RECORDS TO PROCESS:
▽

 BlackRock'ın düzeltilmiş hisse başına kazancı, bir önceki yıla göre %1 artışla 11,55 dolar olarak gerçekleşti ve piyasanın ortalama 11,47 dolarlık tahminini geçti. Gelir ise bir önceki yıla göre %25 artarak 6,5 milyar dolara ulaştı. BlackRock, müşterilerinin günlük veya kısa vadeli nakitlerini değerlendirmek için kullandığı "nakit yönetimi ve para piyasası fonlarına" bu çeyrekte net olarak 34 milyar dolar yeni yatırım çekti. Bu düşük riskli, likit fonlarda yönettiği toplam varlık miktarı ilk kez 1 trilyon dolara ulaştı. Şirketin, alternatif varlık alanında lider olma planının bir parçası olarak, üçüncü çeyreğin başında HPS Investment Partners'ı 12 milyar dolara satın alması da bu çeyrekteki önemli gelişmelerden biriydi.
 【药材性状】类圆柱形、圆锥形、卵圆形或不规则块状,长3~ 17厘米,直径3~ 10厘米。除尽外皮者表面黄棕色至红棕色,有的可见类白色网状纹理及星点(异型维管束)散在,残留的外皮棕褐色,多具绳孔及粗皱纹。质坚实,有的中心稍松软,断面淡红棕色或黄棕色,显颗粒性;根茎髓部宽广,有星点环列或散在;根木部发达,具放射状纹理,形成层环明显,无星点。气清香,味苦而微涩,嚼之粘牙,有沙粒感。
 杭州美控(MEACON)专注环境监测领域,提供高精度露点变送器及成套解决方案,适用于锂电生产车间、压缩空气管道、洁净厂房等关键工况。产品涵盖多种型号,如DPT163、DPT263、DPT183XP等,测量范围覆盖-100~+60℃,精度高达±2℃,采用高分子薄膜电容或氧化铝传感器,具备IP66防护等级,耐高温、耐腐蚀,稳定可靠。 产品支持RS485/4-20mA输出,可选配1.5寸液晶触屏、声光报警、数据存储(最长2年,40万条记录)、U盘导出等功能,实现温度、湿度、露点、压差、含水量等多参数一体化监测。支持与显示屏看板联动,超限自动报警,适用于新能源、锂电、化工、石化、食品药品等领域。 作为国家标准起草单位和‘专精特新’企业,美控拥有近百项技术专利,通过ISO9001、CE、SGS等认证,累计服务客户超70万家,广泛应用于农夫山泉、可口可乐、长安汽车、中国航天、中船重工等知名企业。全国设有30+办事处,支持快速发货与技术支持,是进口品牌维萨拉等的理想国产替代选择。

△
▽

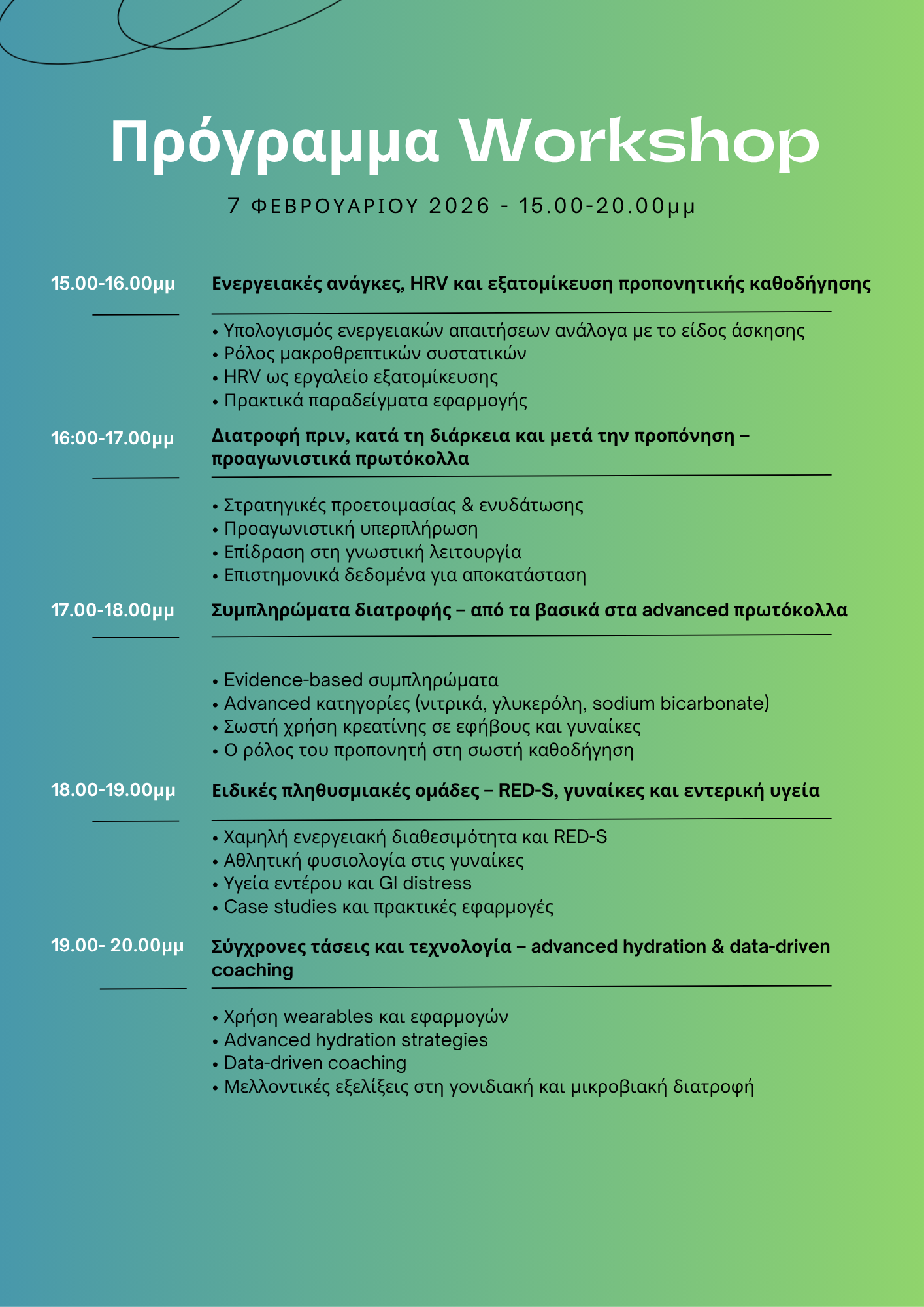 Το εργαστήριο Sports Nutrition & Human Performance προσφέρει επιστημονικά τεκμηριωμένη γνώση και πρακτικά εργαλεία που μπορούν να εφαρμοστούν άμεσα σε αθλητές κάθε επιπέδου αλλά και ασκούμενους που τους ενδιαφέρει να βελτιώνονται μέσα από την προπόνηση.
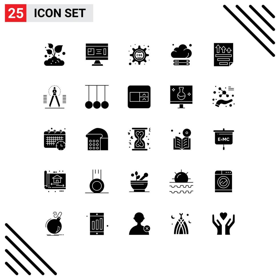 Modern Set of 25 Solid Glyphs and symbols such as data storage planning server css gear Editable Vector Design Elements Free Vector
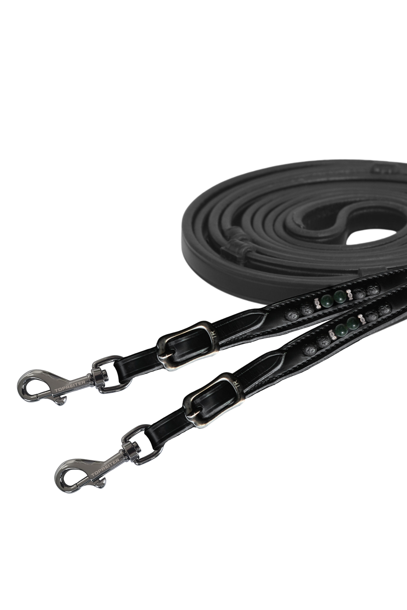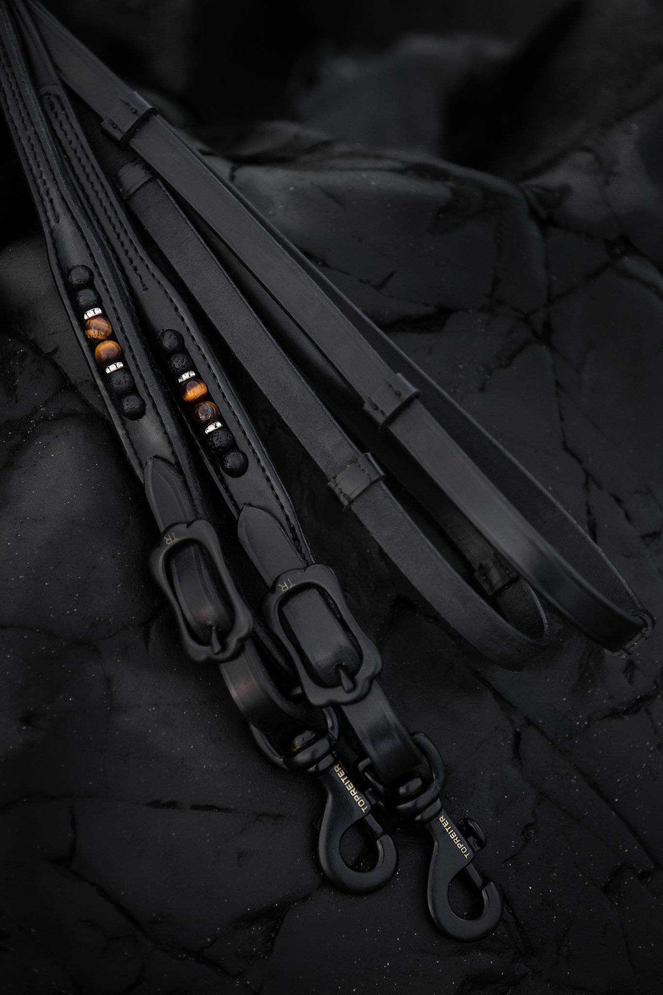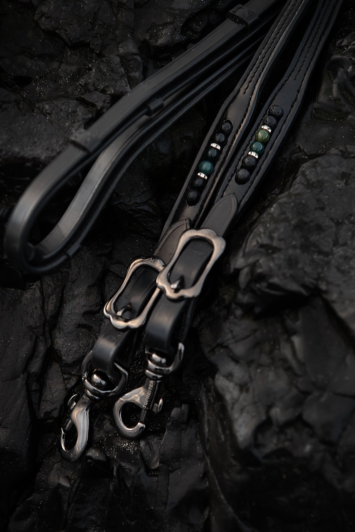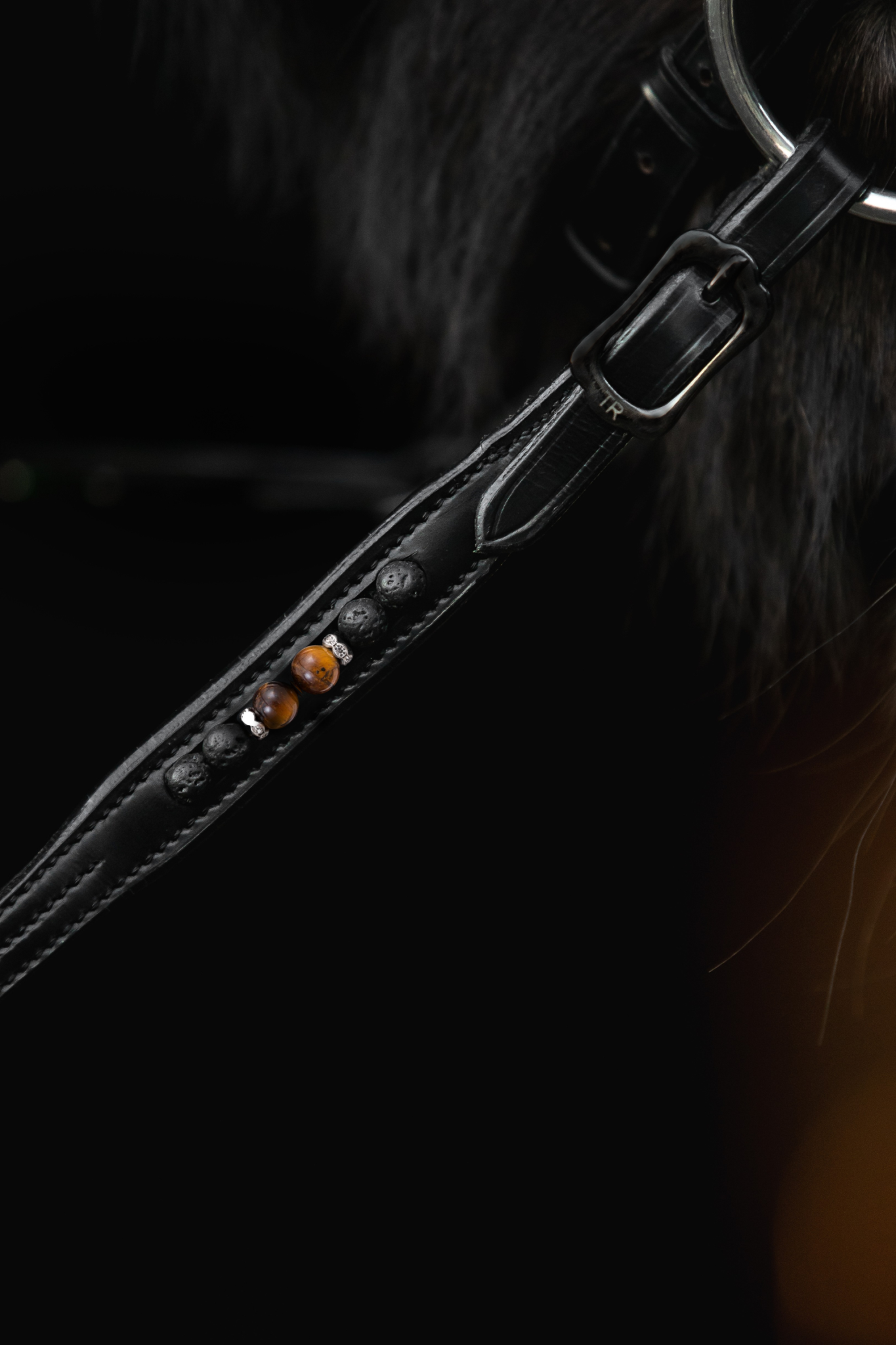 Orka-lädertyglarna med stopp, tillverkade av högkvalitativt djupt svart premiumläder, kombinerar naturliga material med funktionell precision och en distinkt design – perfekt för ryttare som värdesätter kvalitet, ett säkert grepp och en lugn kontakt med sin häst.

△

WORK TO COMPLETE: The result should be an exact copy of only the lines above from the one that holds "Modern Set of" through the one that holds "Orka-lädertyglarna med stopp, tillverkade", both ends included, without pictures.

TASK OUTPUT:
 Modern Set of 25 Solid Glyphs and symbols such as data storage planning server css gear Editable Vector Design Elements Free Vector
 Orka-lädertyglarna med stopp, tillverkade av högkvalitativt djupt svart premiumläder, kombinerar naturliga material med funktionell precision och en distinkt design – perfekt för ryttare som värdesätter kvalitet, ett säkert grepp och en lugn kontakt med sin häst.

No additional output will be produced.